Bion 11
- Mission type: Bioscience
- Operator: Institute of Biomedical Problems
- COSPAR ID: 1996-073A
- SATCAT no.: 24701
- Mission duration: 14 days (achieved)

Spacecraft properties
- Spacecraft: Bion 11
- Spacecraft type: Bion
- Bus: Zenit
- Manufacturer: TsSKB Progress
- Launch mass: 5,400 kg (11,900 lb)

Start of mission
- Launch date: 24 December 1996, 13:50:00 UTC
- Rocket: Soyuz 11A511U (s/n V15000-050)
- Launch site: Plesetsk, Site 43/4
- Contractor: TsSKB Progress

End of mission
- Recovered by: Russian Space Forces
- Landing date: 7 January 1997, 05:02 UTC
- Landing site: Kustani, Kazakhstan

Orbital parameters
- Reference system: Geocentric orbit
- Regime: Low Earth orbit
- Perigee altitude: 225.4 km (140.1 mi)
- Apogee altitude: 401.1 km (249.2 mi)
- Inclination: 62.80°
- Period: 90.50 minutes
- Revolution no.: 214

= Bion 11 =

Russian biological research satellite

Bion 11 was a Russian biological research satellite that was part of the Bion programme. Scientists from France, Russia and United States conducted the experiments. Bion 11 was launched from the Plesetsk Cosmodrome aboard a Soyuz-U launch vehicle. It carried two monkeys named Lalik and Multik. Its 14-day mission began on December 24. The spacecraft type was based on the Zenit reconnaissance satellite and launches of Bion satellites began in 1973 with primary emphasis on the problems of radiation effects on human beings. Launches in the program included Kosmos 110, 605, 670, 782, plus Nauka modules flown on Zenit-2M reconnaissance satellites. 90 kg of equipment could be contained in the external Nauka module.

== Mission ==
It carried newts, snails, Drosophila flies and other insects, bacteria, and two macaque monkeys (Macaca mulatta), Lapik and Multik. Both monkeys were safe at landing, but Multik died of a heart attack during medical tests under general anaesthetic on 8 January 1997.

The Magee-8 scientific equipment was designed to study the basic features of electrostatic modular protection system.

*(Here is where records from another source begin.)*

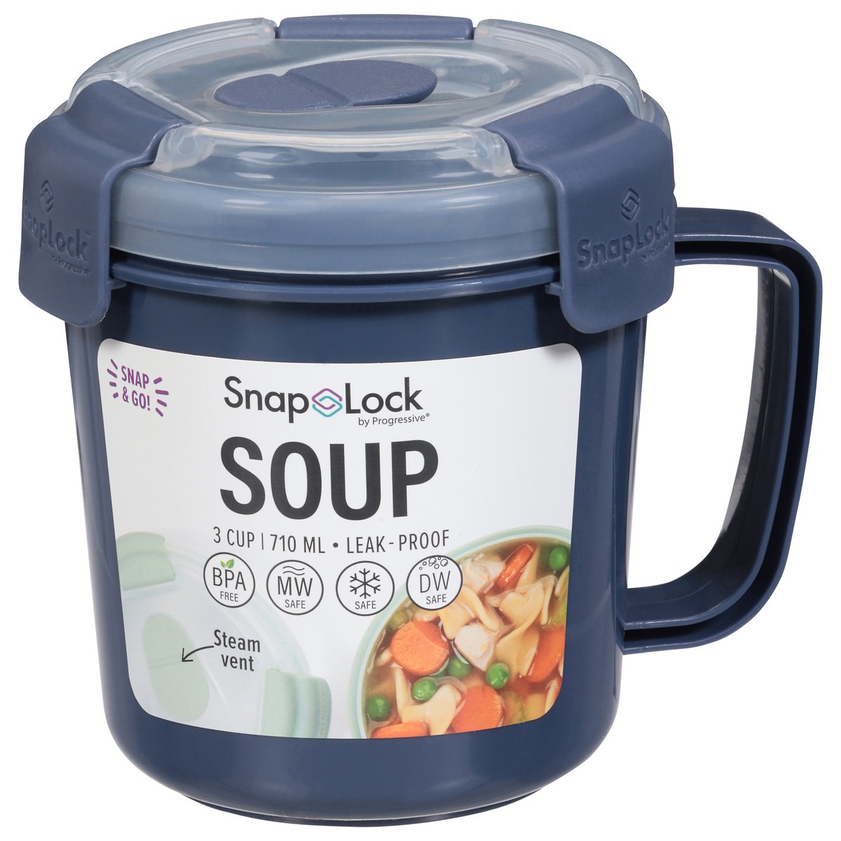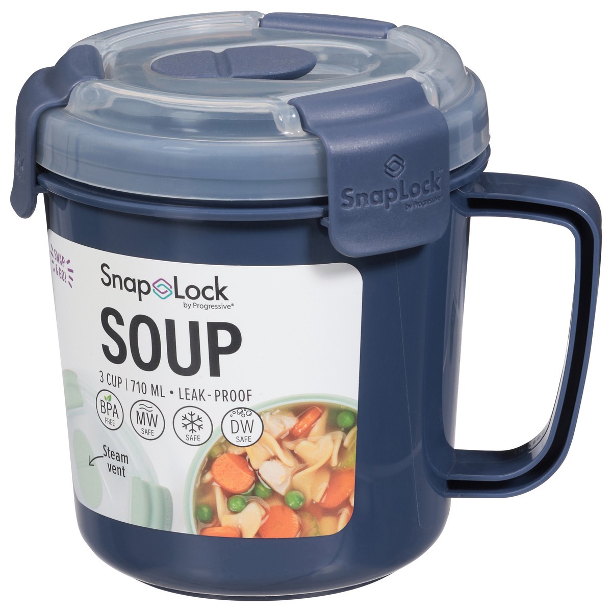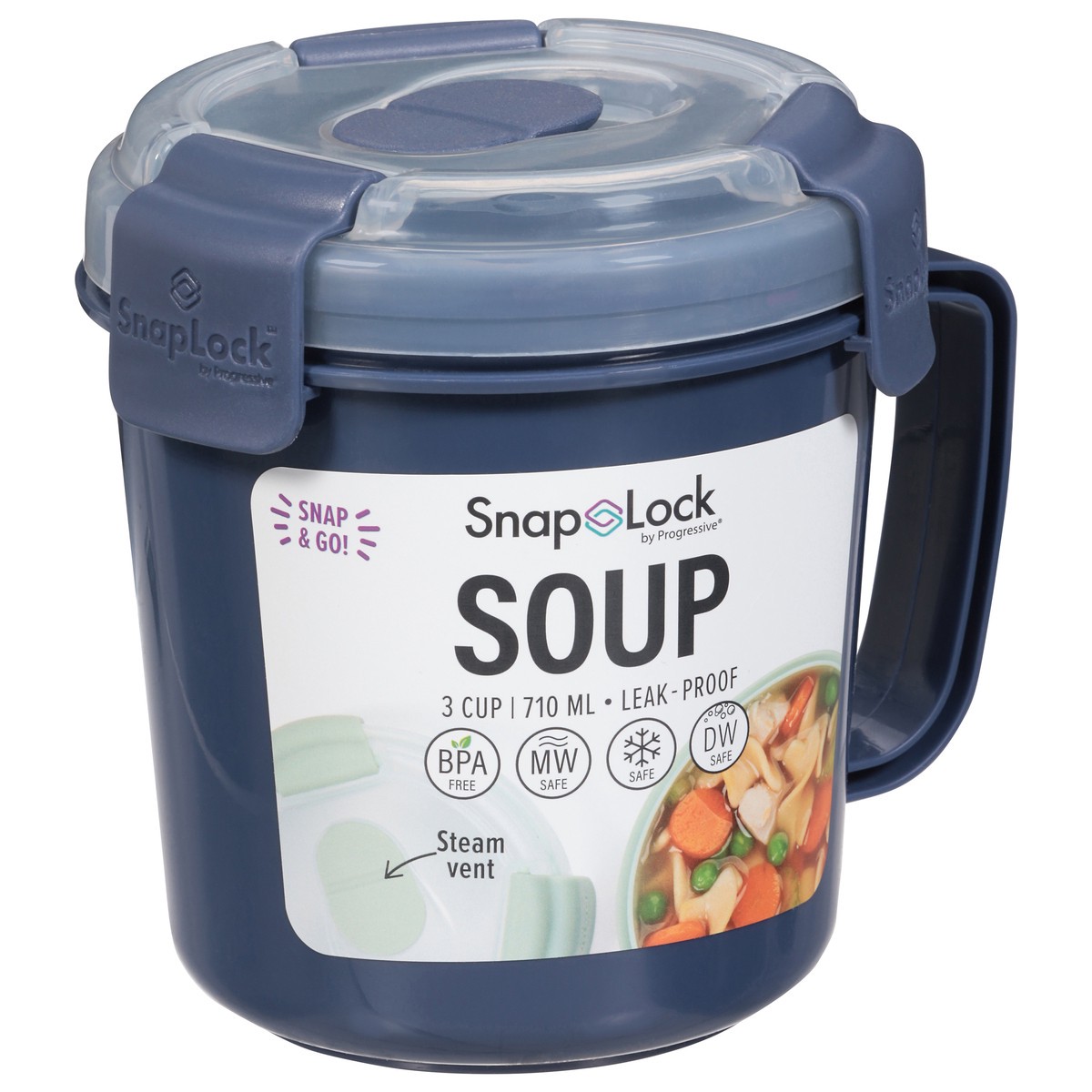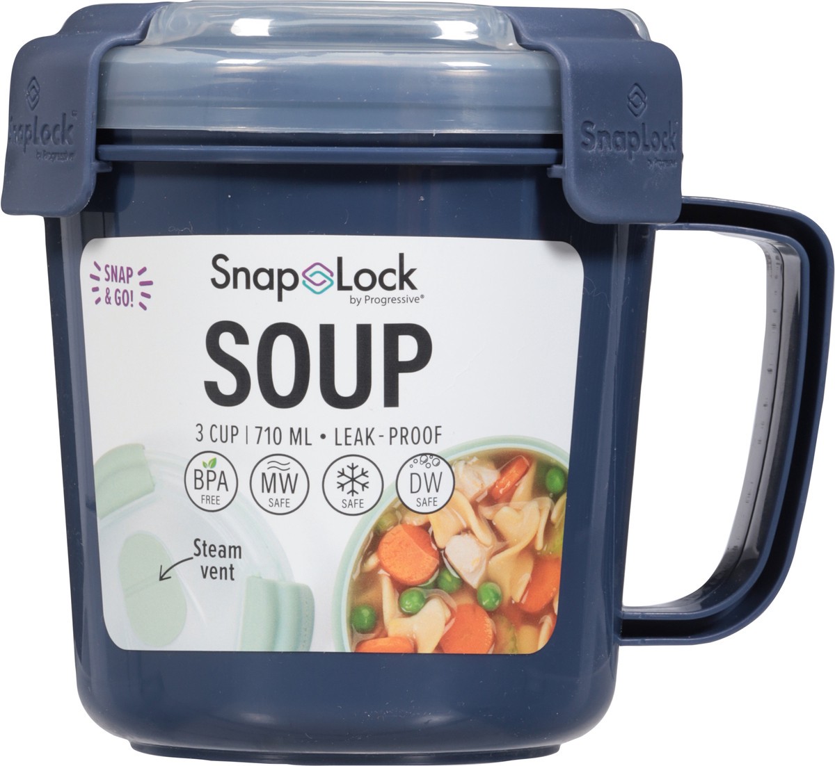 Soup lunches are easy with the customized heat vent and cool touch handle Vented lid and cool touch handle Leak-proof silicone seal with unique snap-hinge lid
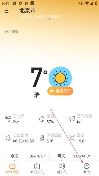 1、在天气界面,点击右下角【我的】,进入设置界面。
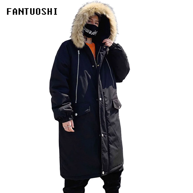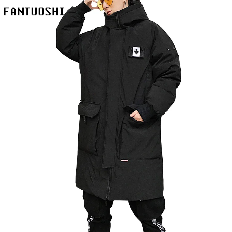 Product Name: 2019 degli uomini di Inverno Cappotto Lungo di modo caldo di Spessore sottile casual giacche con cappuccio A maniche Lunghe con stampa di alta qualità giacca di cotone nero
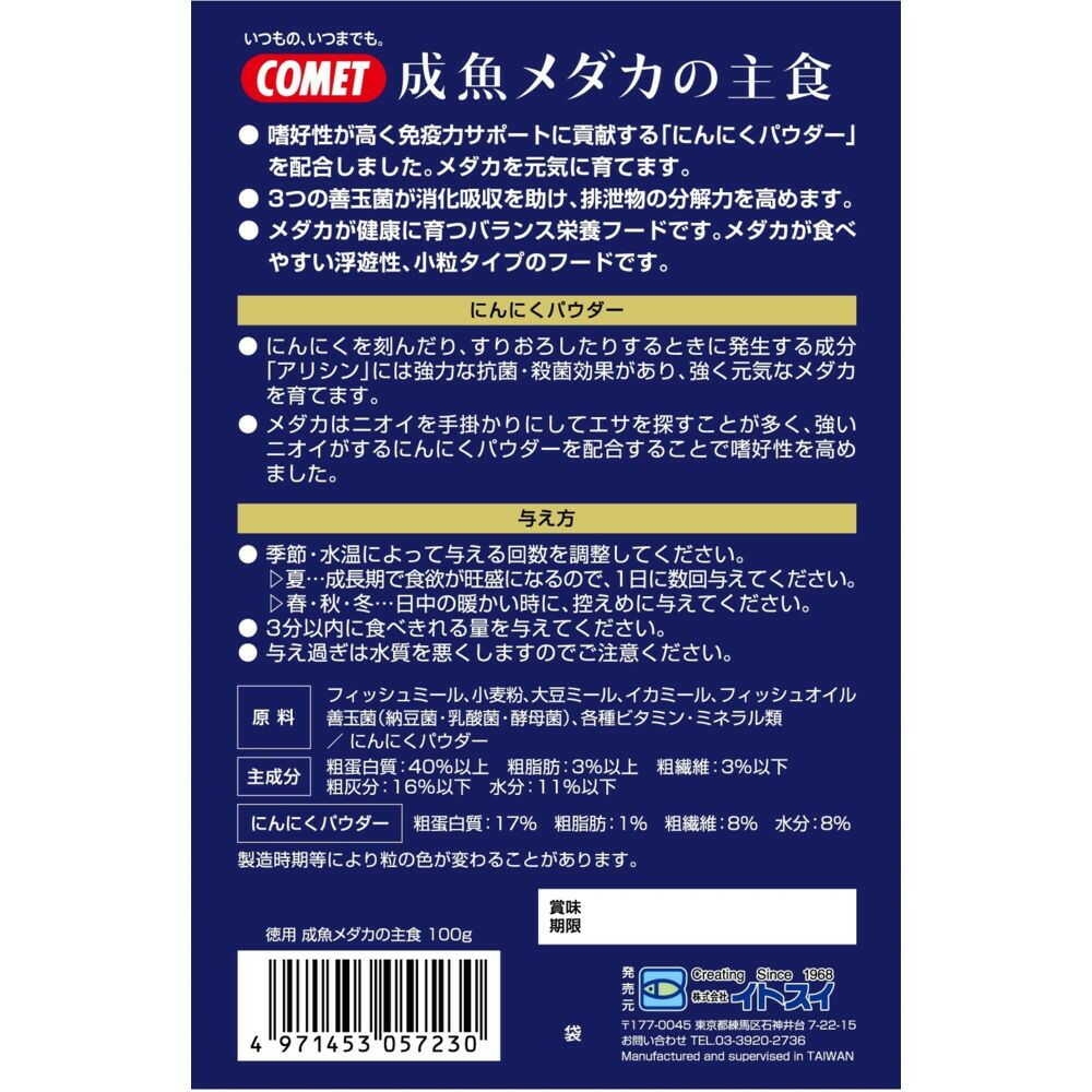 にんにくパウダー配合で嗜好性アップ、抗菌、殺菌効果により強く元気なメダカの育成し、3つの善玉菌で消化吸収を助け、排泄物の分解力を向上します。

Other equipment was used to maintain the temperature and humidity within the specified range, the atmospheric regeneration, physiological parameters of the monkeys were recorded and transferred them to the ground in TV picture.

== Hardware ==
The hardware supports musculoskeletal, neurovestibular, and regulatory experiments by U.S., Russian, and French investigators. Substantial ground-based hardware was developed for pre-and post-flight testing, calibration, and data collection.

It has components like Biorhythm Box (BRB), Rheoplethysmography Box (RPB), Control Interface Box (CIB) which allowed in-flight control of the Bios-Primate capsule hardware, including data recorders and video, Pre-Amplifier Box (PAB) etc.

== Bion 12 ==
A similar mission "Bion-12" was scheduled for December 1998 but did not take place due to cessation of participation of the United States.